Why did I allow for a change in plans – oh yes, I’m talking about my failed trip again – to visit sooner rather than later? Was it excitement? Wanting to ride the wave of my beloved’s willing participation? Needing to see my friend before she became too sick for a visit? Wanting to avoid waiting in which the uncertainty of her health status would continue to weigh on me?
How much support did I truly need for this trip? As it came closer, I became accutely aware that I needed the support of a good night’s sleep – which was denied me two nights in a row. It was becoming a “thing”. To sleep or not to sleep! That is a question!
I reasoned that eventually I would have to sleep. But to try and sleep when you are now worried about sleeping, so you have the strength to grieve and make a long trip and make sure your kids have a decent time . . . it is now a feature of the trip. One that I had hoped would resolve, but didn’t.
when my family travels to Brazil, there is often a long trip where we are not getting so much rest as we normally enjoy. Yet there is the promise of the children being entertained by relatives and loud cartoons from the cartoon network – streamed worldwide now and in english – and day trips to entertaining beaches and tourist spots. There is the Aunt and cousin who are at the ready with food/lodging/comforts and energy to bounce around with young ones. There is a sense of security that they are healthy and have life yet to live.
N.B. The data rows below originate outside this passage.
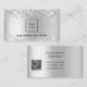 En faux silver tittar bakgrund. Dekorerad med konetti. Anpassa och lägg till din logotyp och en text på framsidan. Tillbaka: Mallar för ditt namn, titel, mobilt nummer och egen QR-kod.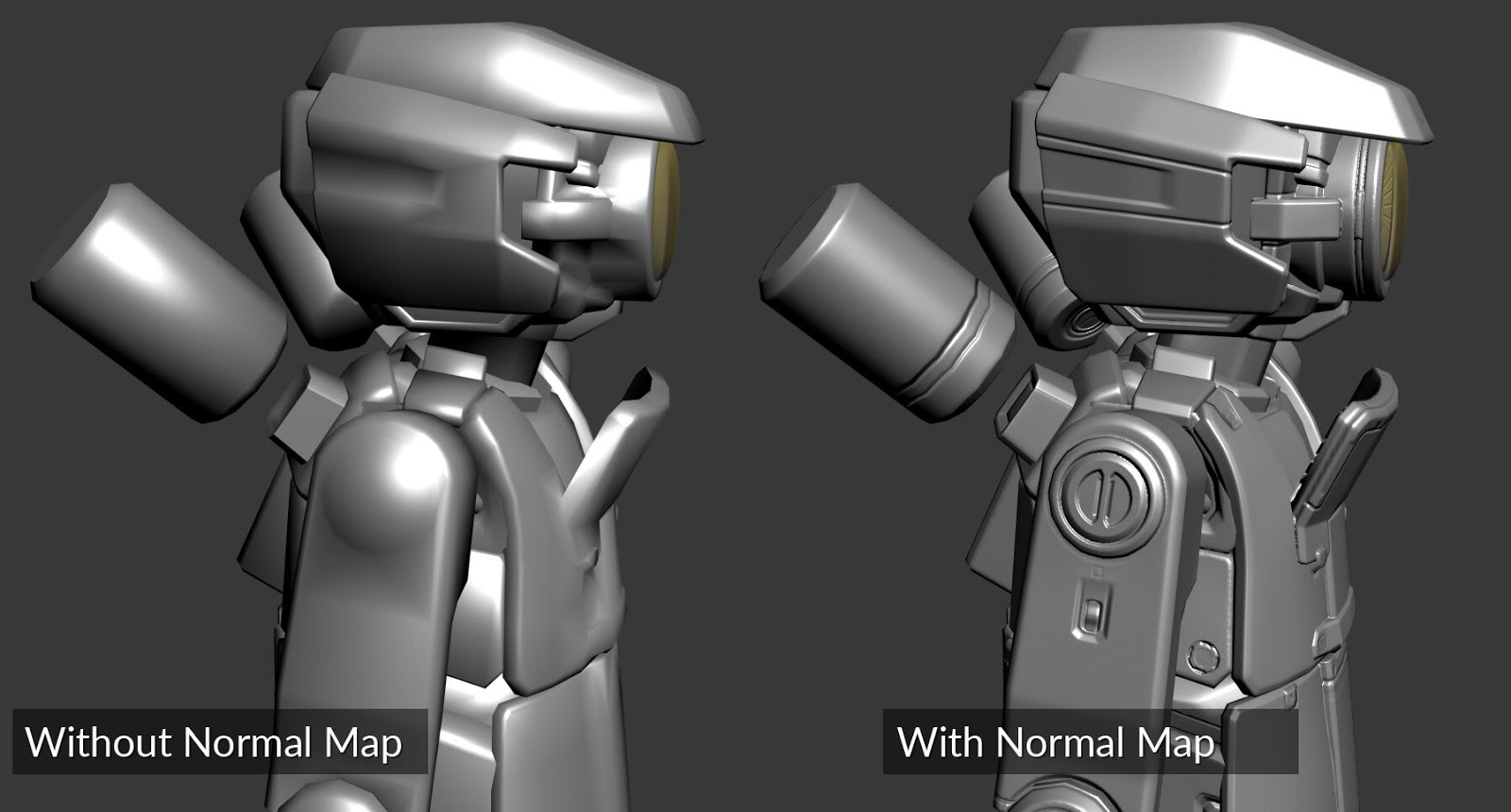 Don’t model small details with high-density triangle meshes. Use textures and normal maps for fine detail. The following example shows the same mesh with and without a normal map.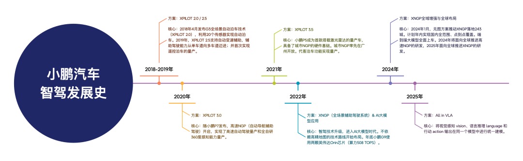 小鹏汽车的自动驾驶发展史是一个从无到有、从有到精、从特定场景到全场景的持续进化过程。其技术路线从早期的多传感器融合与高精地图依赖,逐步转向 “无图”化、端到端大模型驱动的方案。这个过程伴随着硬件算力的大幅提升和算法模型的不断革新。
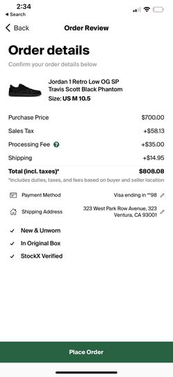 Jordan 1 Travis Scott Black Phantom $750Ventura, CA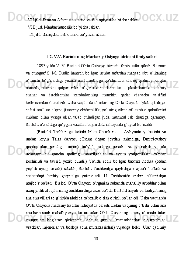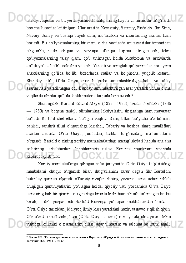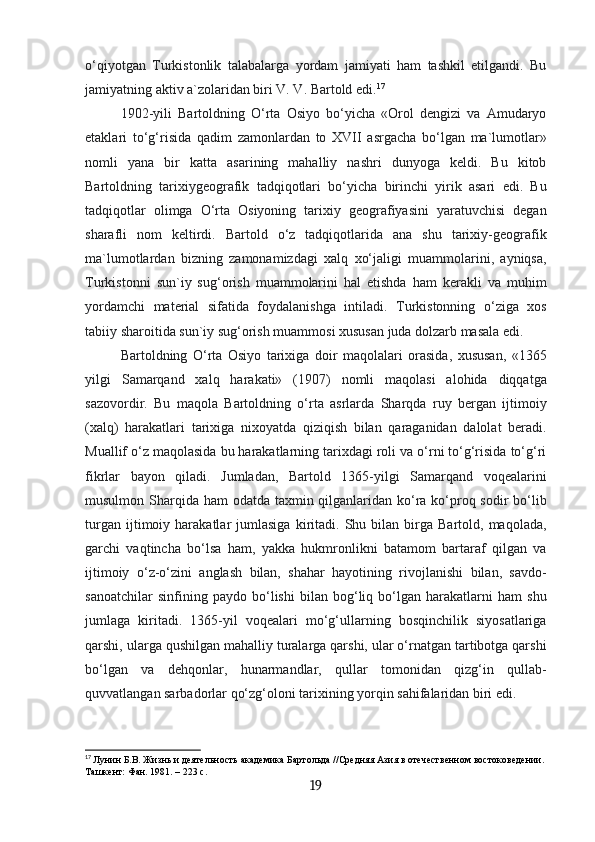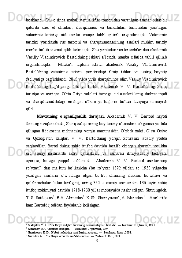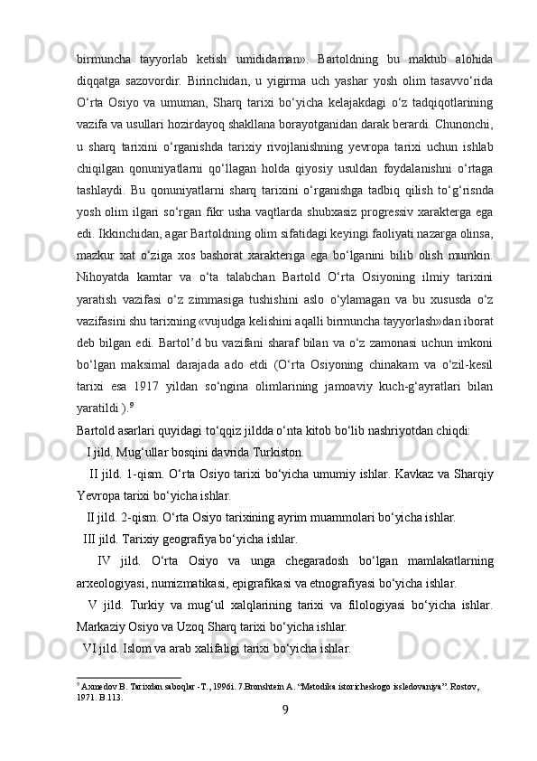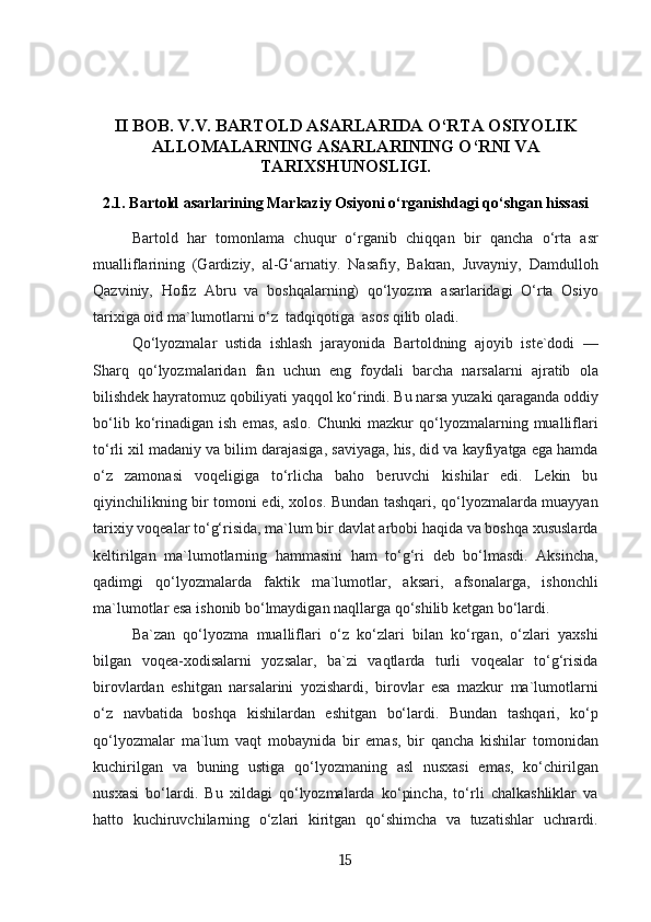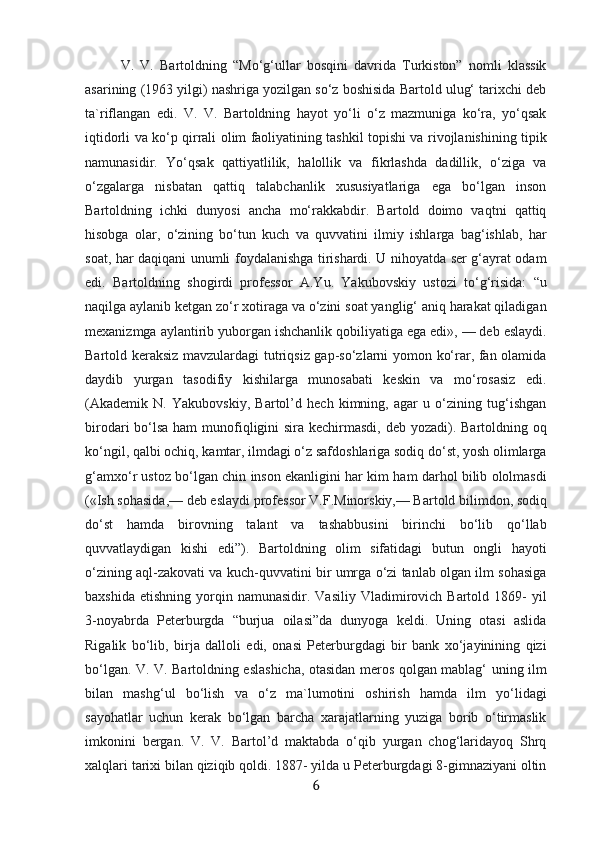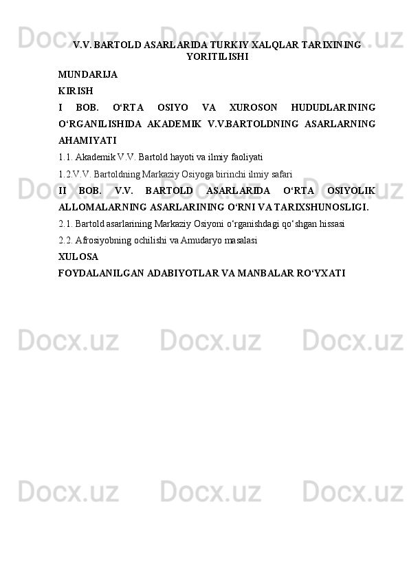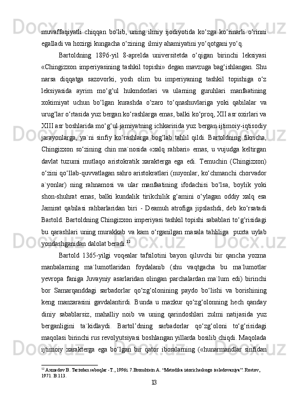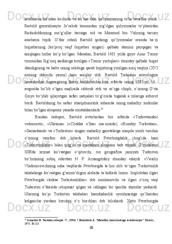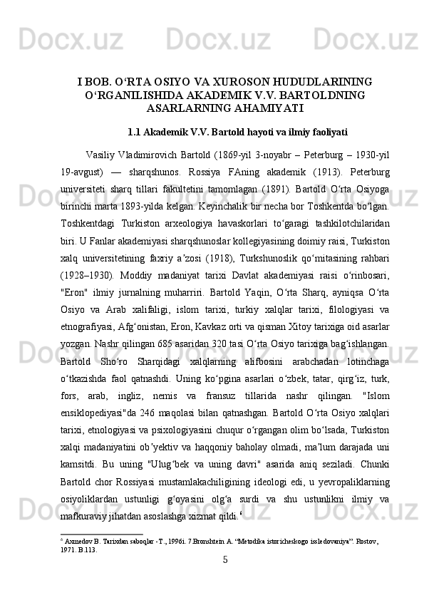 V.V. Bartold asarlarida turkiy xalqlar tarixining yoritilishi haqida

Ah! expectations, projections, the realities of travel, the rigors of a family en route – anywhere – I digress.
The shame of having spent so much time hiding and holding untruths within. Of being a part of generations of alcoholic thinkers – a part of the puzzle that brings light and hope and peace. To walk humbly.
I now have understanding why my parent said they did not go to their mother’s funeral. I totally get it. I totally get it.
Just when I think I cannot walk a mile in other’s shoes. Just when I think I understand humility, more and more blessed layers reveal themselves. Why not go all the way? Why not live with my head in the Lion’s mouth?
A toast to sticking your head in the Lion’s mouth and keeping it there!